According to the Federation of Nuclear Scientists, Russia possesses some 5,580 nuclear warheads, most of which are aimed at us.
I believe we have forgotten the terror that these end-of-the-world weapons should inspire. No nuclear war has ever happened, so no need to worry. Except that we’ve come very, very close, and more than once.
Imagine: it’s a sunny day. You look up and see a streak of light heading down. Then: a blinding flash.
If you’re close to the blast, you are instantly vaporized, with no warning. One moment you’re there, the next moment every single bit of you is gone, vanished from the face of the earth; no physical trace of you exists, will ever exist again.
If you’re a little further away a horrifying phenomenon occurs: the heat of the blast carbonizes your body. When Japanese and American investigators came to Hiroshima shortly after the war’s end, they found thousands of blackened human forms. You’re turned, in effect, to charcoal.
Fire storms ignite everywhere. Touch your face and your skin peels off. The burns are unimaginable. After the Hiroshima blast, thousands jumped into the river in the center of the city to get relief from the pain. Thousands of others lost their sight and wander, aimlessly, in agony through the streets.
They have become ghosts.
Tens of thousands more will contract radiation sickness and cancer of all forms over the coming months and years.
At least three times in the nuclear age we have come close to Armageddon. Once, in 1962 during the Cuban Missile Crisis, a brave Soviet officer named Vasilii Arkhipov disobeyed orders and prevented the firing of nuclear torpedoes near Florida. In 1983, Stanislav Petrov, a colonel in the Soviet Air Defense Forces, overrode a computer warning of an American attack (the malfunction was later traced to sunlight reflecting off clouds). Arkhipov and Petrov quite literally saved the world.
Later that same year, after hardline comments by President Ronald Reagan, NATO forces conducted military exercises, codenamed Able Archer, which were so realistic that the Soviets believed a pre-emptive attack was imminent.

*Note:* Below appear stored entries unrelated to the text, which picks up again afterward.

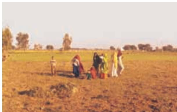
चित्र 2.7 : उत्तरी मैदान

उत्तरी मैदान तीन प्रमुख नदी प्रणालियों- सिंधु, गंगा एवं ब्रह्मपुत्र तथा इनकी सहायक नदियों से बना है। यह मैदान जलोढ़ मृदा से बना है। लाखों वर्षों में हिमालय के गिरिपाद में स्थित बहुत बड़े बेसिन (द्रोणी) में जलोढ़ों का निक्षेप हुआ, जिससे इस उपजाऊ मैदान का निर्माण हुआ है। इसका विस्तार 7 लाख वर्ग कि॰मी॰ के क्षेत्र पर है। यह मैदान लगभग 2,400 कि॰मी॰ लंबा एवं 240 से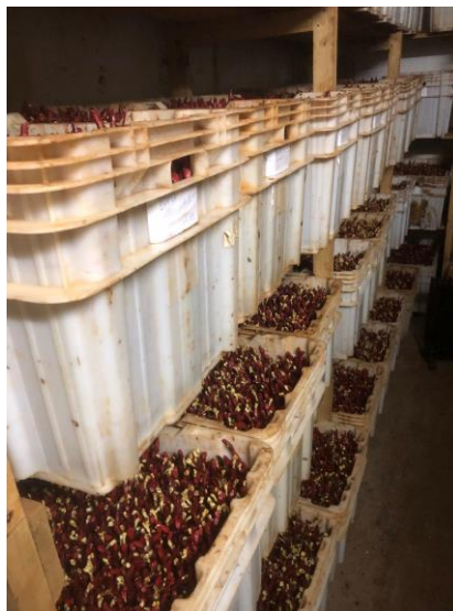
Figura 12: Enxertos na câmara de forçagem.

No interior da câmara de forçagem a temperatura média é de 28 a 30 C° e a umidade relativa do ar em média de 90 a 95%, essas caixas são cobertas com um plástico preto, para que os enxertos não recebam a luminosidade e desenvolvam o mínimo possível de brotação para evitar a perda de suas reservas. Estas caixas permanecem na câmara de forçagem por um período de 12 a 15 dias dependendo da exigência de formação do calo de cada cultivar enxertada.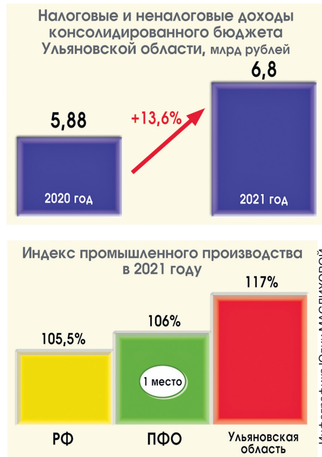
Инфографика Юлии МАСЛИХОВОЙ

Кстати, такой же рейтинг был присвоен и выпуску облигаций Ульяновской области. Ульяновская область - третий регион, который в 2021 году привлекает средства инвесторов через финансовые рынки.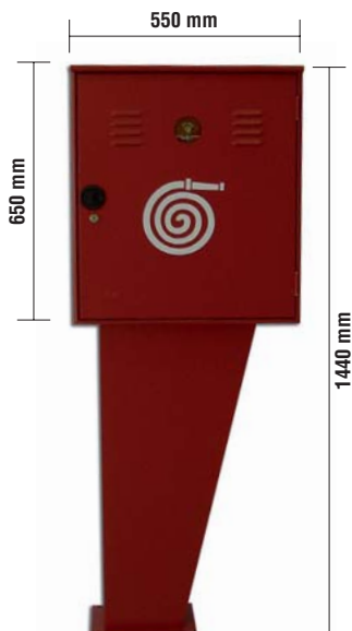
Profondità 260 mm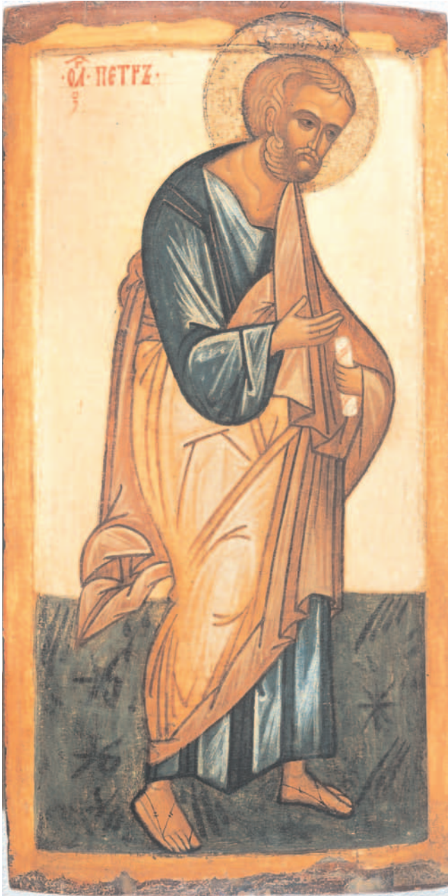
Apostel Petrus, Russland (Novgorod), Ende 15. Jahrhundert, Eitempera auf Holz, 89 x 44 cm (Inv. Nr. 854)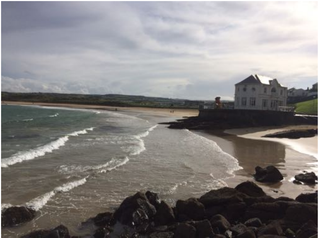
Strand in Portrush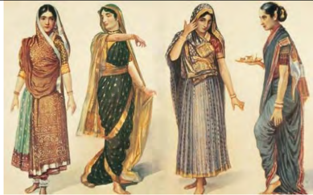
تصویر ۵-  Indian clothes

«مردمان پنجاب نیز ترکیبی از لهینگا و چولی می‌پوشند. لهینگا که دامن بلندی است، معمولاً با تزئینات و نواردوزی در پایین آن دوخته می‌شود.» (Alkazi, 1983: 109). جنس لهینگا برای استفاده روزانه از پارچه‌های پنبه‌ای است و در مراسم و جشن‌ها و عروسی‌ها به تزئینات آن با آینه‌کاری و دوخت‌های تزئینی افزوده می‌شود (Biswas, 2017: 135). شلوار نیز از پوشش‌های دیگری است که در بین دختران مرسوم است و به نام‌های سیندی سوتان (sindhi suthan)، دوگری پیجاما (dogri pajama) و کشمیری سوتان (Kashmiri suthan) در مناطق مختلف کاربرد دارد (Tarlo, 1996: 95).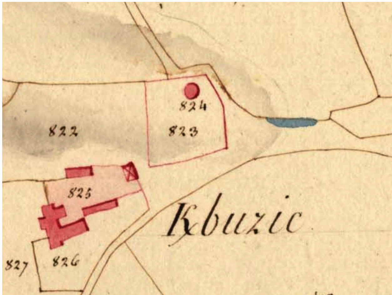
Extrait des plans cadastraux parcellaires de 1813 (AD 22).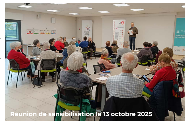
Réunion de sensibilisation le 13 octobre 2025

Un questionnaire en ligne a également permis de recueillir l'avis de personnes n'ayant pu participer aux rencontres.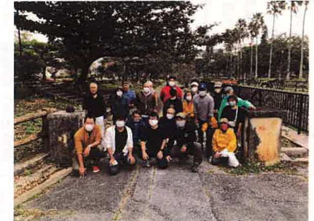
地域見守りマスク配布とフレデー フードドライブ (与儀小・真和志小・町づくり協議会)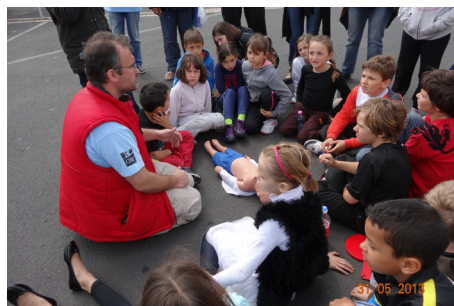
Les pompiers simulant une intervention sur un accident recueillent toute l'attention du jeune public

voiture et un cycliste, par exemple. La distance d'arrêt concerne aussi bien ceux qui conduisent que ceux qui sont piétons et qui s'engagent pour traverser une route. « La distance d'arrêt = la distance de réaction + la distance de freinage ». Cette distance augmente par temps de pluie.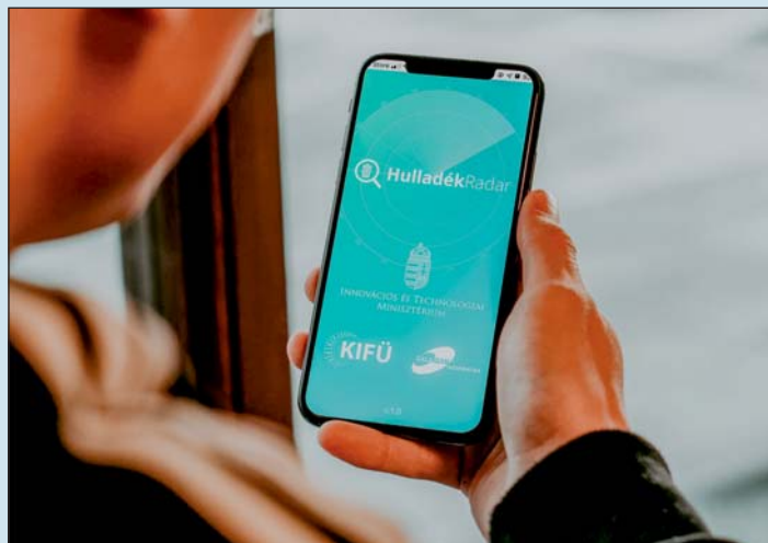
Egyre többen használják a hulladék-radar applikációt.

bevezetett szigorítások nagy terhet rónak az önkormányzatokra, illetve az állami tulajdonú ingatlanok vagyongazdálkodására. Tudomásunk szerint a jelenlegi szabályozással szemben az önkormányzatok érdekvédelmi szervei (TÖOSZ, társulási tanácsok) is felléptek, észrevételeket fogalmaztak meg. Ugyancsak zajlanak egyeztetések a különböző ágazati minisztériumhoz tartozó vagyongazdálkodók esetében. Osztályunk szakmai véleményét és álláspontját közölte a minisztériummal, és a megnyugtató megoldást abban látánk, ha az állami tulajdonú ingatlanok esetében a vagyongazdálkodó személytől függetlenül minden esetben a hulladékgazdálkodási hatóság számolná fel az illegális hulladékot egy erre elkülönített állami pénzalapból. A tavaly megtartott budapesti szakmai értekezleten kiemelték a zalai példát, mint az országban elsőt és követendő. Előrelépés, fejlődési lehetőség azonban még számtalan területen mutatkozik. Megnőtt az illegális fémkereskedelemmel összefüggő ügyek száma a NAV-nál, illetve nálunk is. Mivel ugyanazt a cselekményt vizsgálja mindkét hatóság, ugyanazon elkövetői körrel áll szemben, így itt szintén logikusnak és eredményesnek találnánk egy összehangolt, átgondolt fellejtést, adott esetben jogi együttműködési forma keretében.

Only at the last minute when it became apparent that the Soviets were mobilizing (including loading their bombers with nuclear weapons) the exercise was called off.
That’s how close we’ve come. And who knows if there have been other such incidents?
The comparatively tiny Hiroshima blast killed 70,000 people.
Imagine if it were New York.
(some of this paraphrased from Stuxnet: A Worm’s Tale, a Microsoft Think Week paper, by Barry Briggs.)